Directions: Taking the entries below, transcribe only the lines starting with the one with "Un dottore visita" and going on through the one with "洛阳市偃师区人民法院关于向案外人发放案款案件的公示", exactly as written, without the pictures.

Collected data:

"""

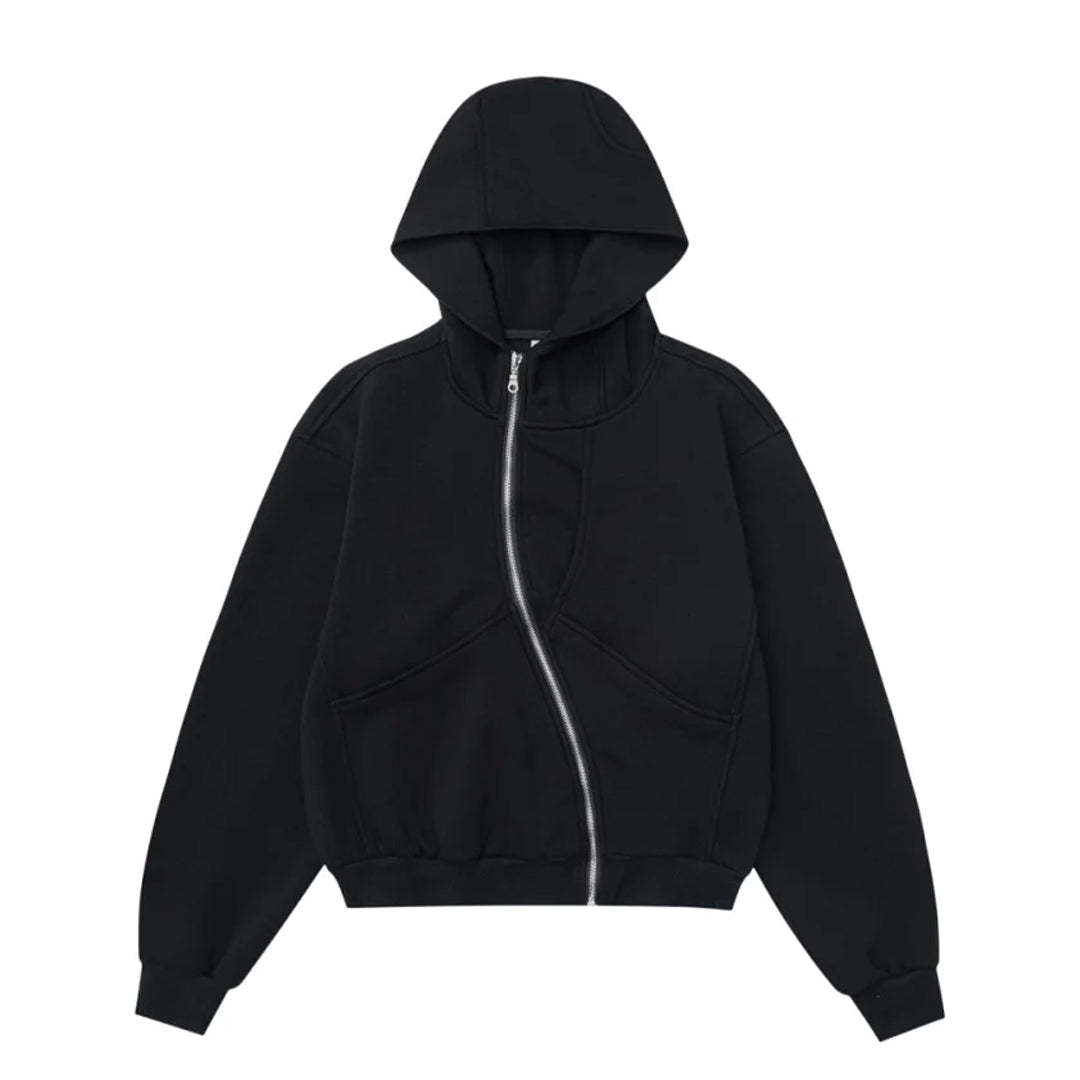Designed with a curved zip fastening, this hoodie delivers a considered twist on a streetwear staple. Wear it with jeans or wide-leg trousers for everyday versatility.
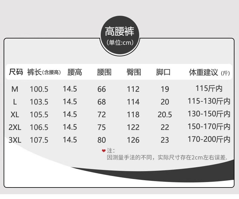 Outseam (cm) 99 cm 101.5 cm 104 cm 106.5 cm 109 cm
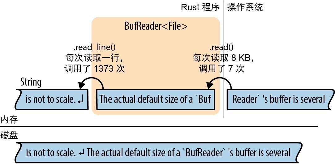 图 18-2 未按比例绘制。 BufReader 缓冲区的实际大小默认为几千字节,因此一次 read 系统调用就可以服务数百次 .read_line() 调用。这很重要,因为系统调用很慢。
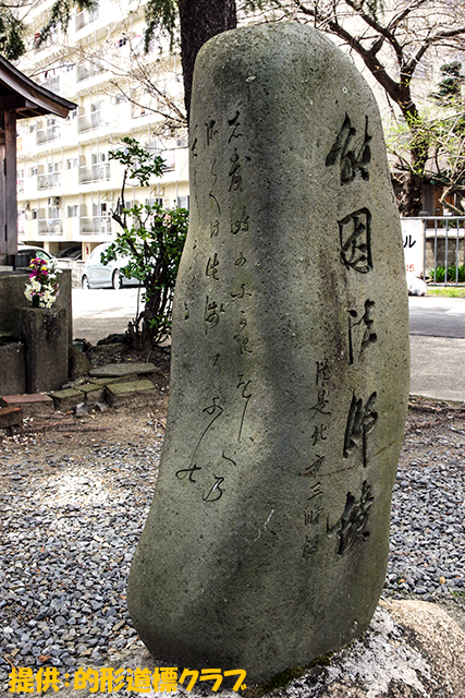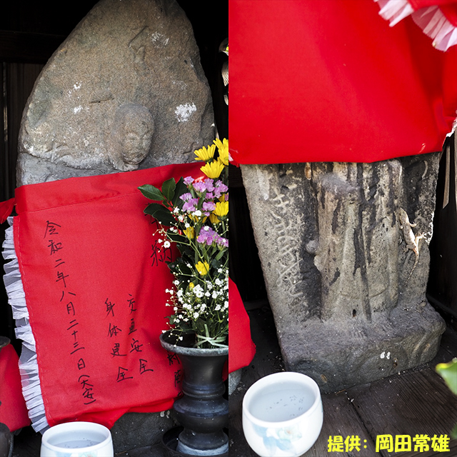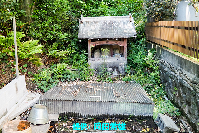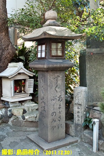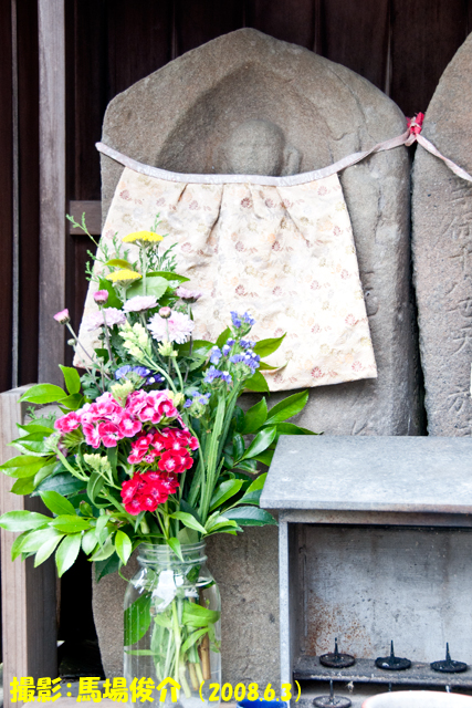 夕願寺(移設)/鉢植えなどと共に建物横に建つ |
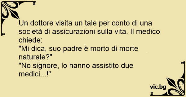 Un dottore visita un tale per conto di una società di assicurazioni sulla vita. Il medico chiede:
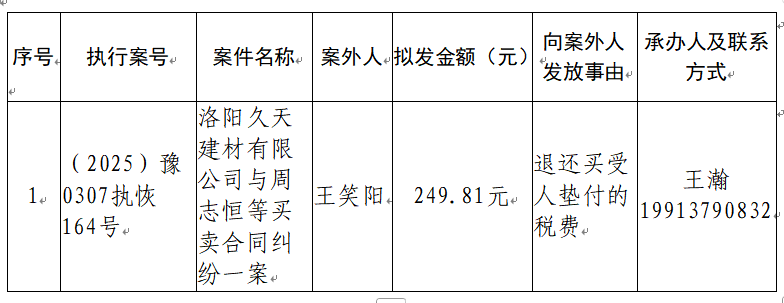 洛阳市偃师区人民法院关于向案外人发放案款案件的公示
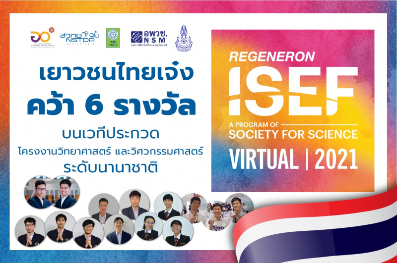 22 พฤษภาคม 2564 : กระทรวงการอุดมศึกษา วิทยาศาสตร์ วิจัยและนวัตกรรม (อว.) โดย สำนักงานพัฒนาวิทยาศาสตร์และเทคโนโลยีแห่งชาติ (สวทช.) สำนักงานการวิจัยแห่งชาติ (วช.) องค์การพิพิธภัณฑ์วิทยาศาสตร์แห่งชาติ (อพวช.) และสมาคมวิทยาศาสตร์แห่งประเทศไทยในพระบรมราชูปถัมภ์ ร่วมแสดงความยินดีกับทีมเยาวชนไทยคว้า 6 รางวัลจากการประกวดโครงงานวิทยาศาสตร์และวิศวกรรมระดับโลก Virtual Regeneron International Science and Engineering Fair (Regeneron ISEF 2021) ที่จัดขึ้นระหว่างวันที่ 16-21 พฤษภาคม 2564 โดยมีนักวิทยาศาสตร์รุ่นเยาว์กว่า 1,834 คน จาก 64 ประเทศ รวมถึง 49 มลรัฐในประเทศสหรัฐอเมริกา
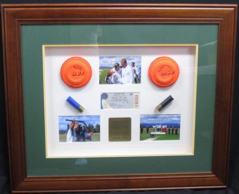 2006 Melbourne Commonwealth Games Shooting display including two clay targets signed by Suzanne Balogh, Susan Trindall, Craig Trembath & Russell Mark, window mounted, framed & glazed, overall 80x67cm. (Image1)
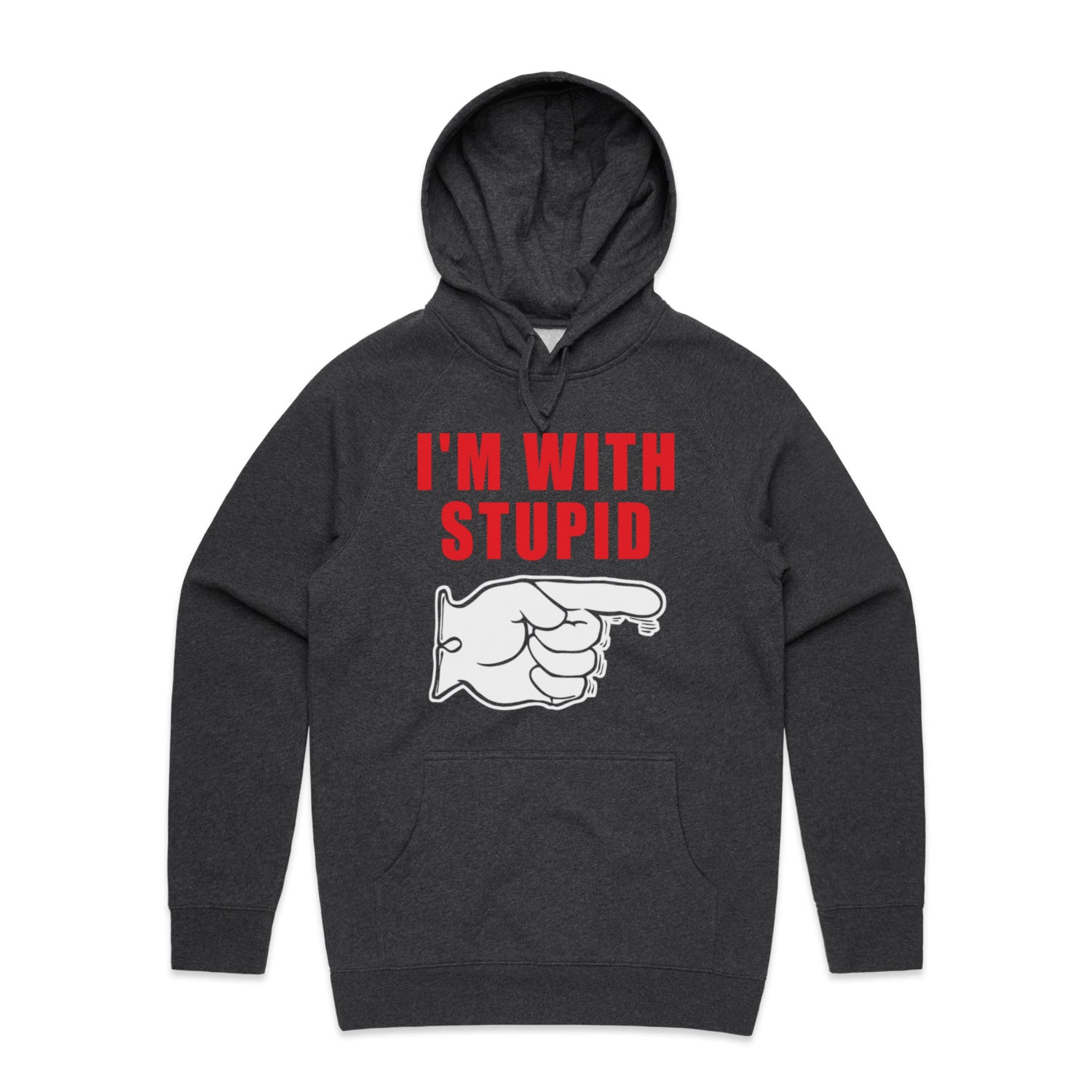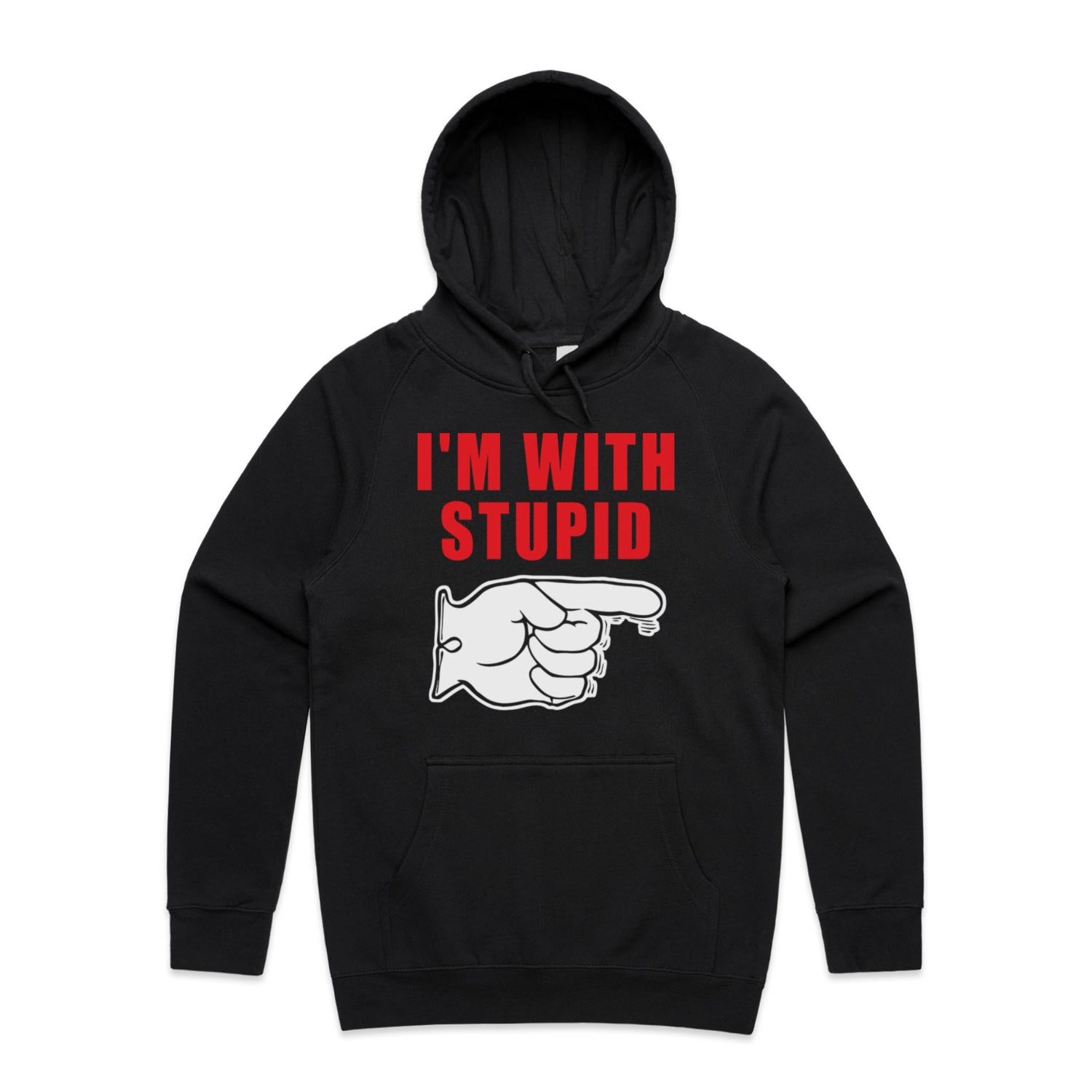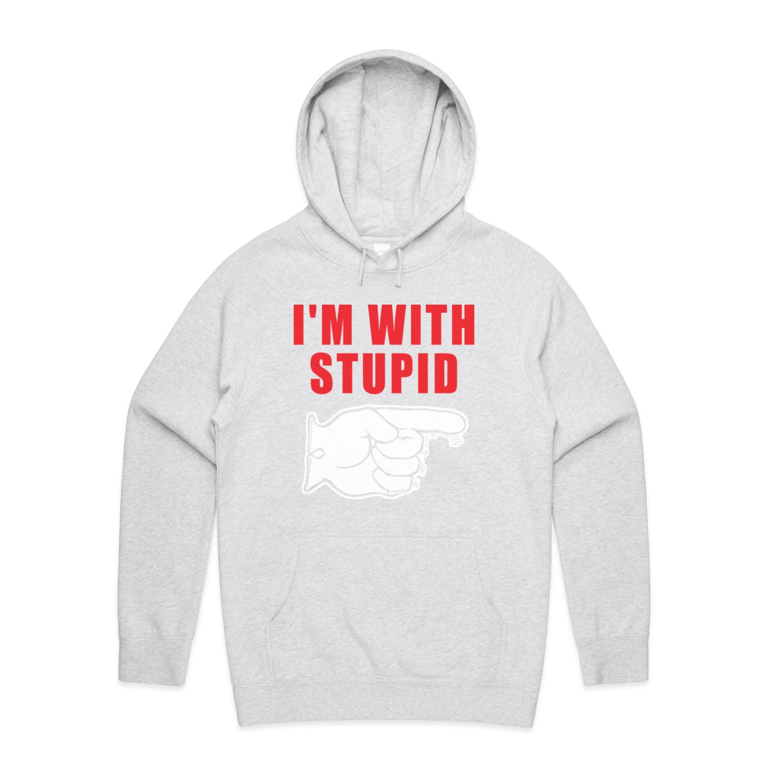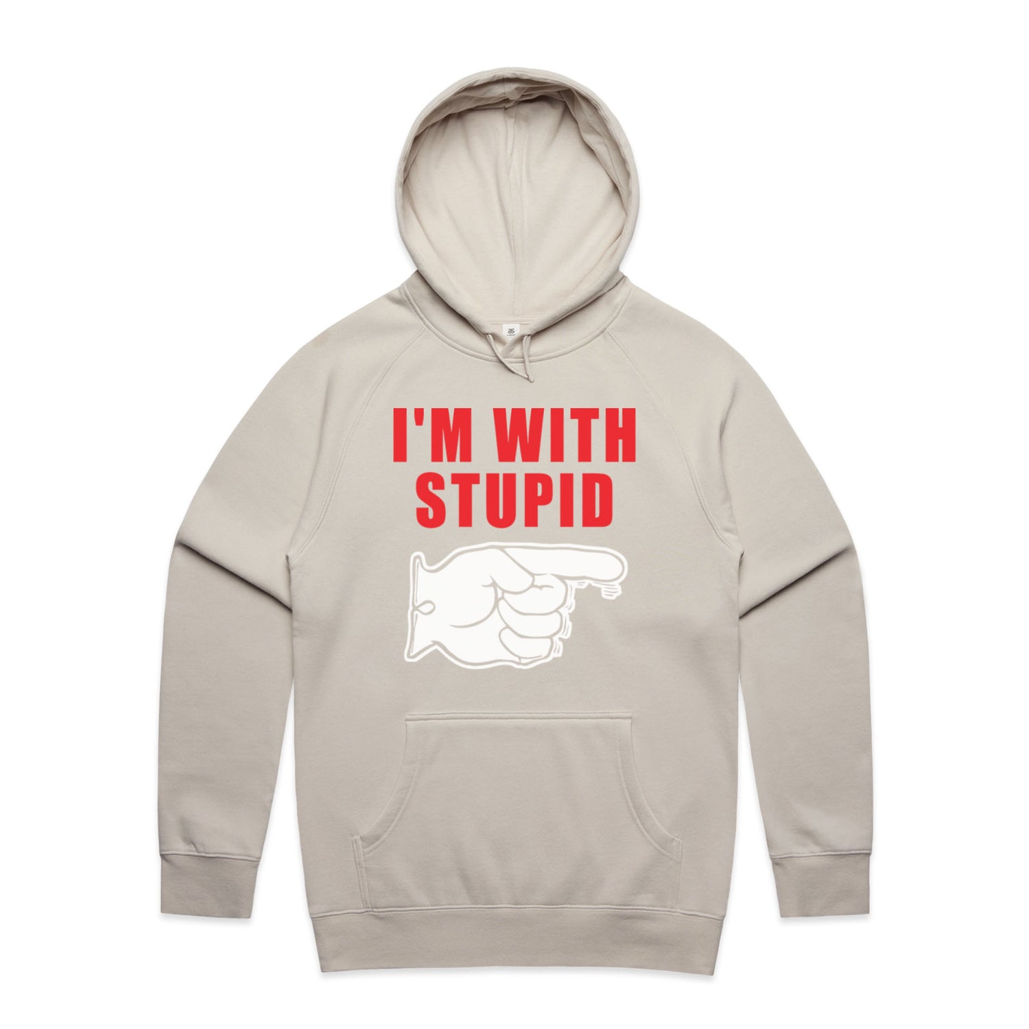 The Hoodies I'm with Stupid – Men's Hooded Sweatshirt is a high-quality men's hooded sweatshirt, printed with multicoloured ink on the trusted AS Colour Supply Hood 5101. With a regular fit and mid-weight feel, it's crafted from a premium blend of 80% cotton and 20% polyester anti-pill fleece, making it a durable and comfortable staple for any wardrobe. The pullover design features raglan sleeves, a lined hood with tonal drawcord, ribbed sleeve cuffs, and a roomy kangaroo pocket — all designed to keep you warm while looking effortlessly sharp.

"""

Task solution:
 Un dottore visita un tale per conto di una società di assicurazioni sulla vita. Il medico chiede:
 洛阳市偃师区人民法院关于向案外人发放案款案件的公示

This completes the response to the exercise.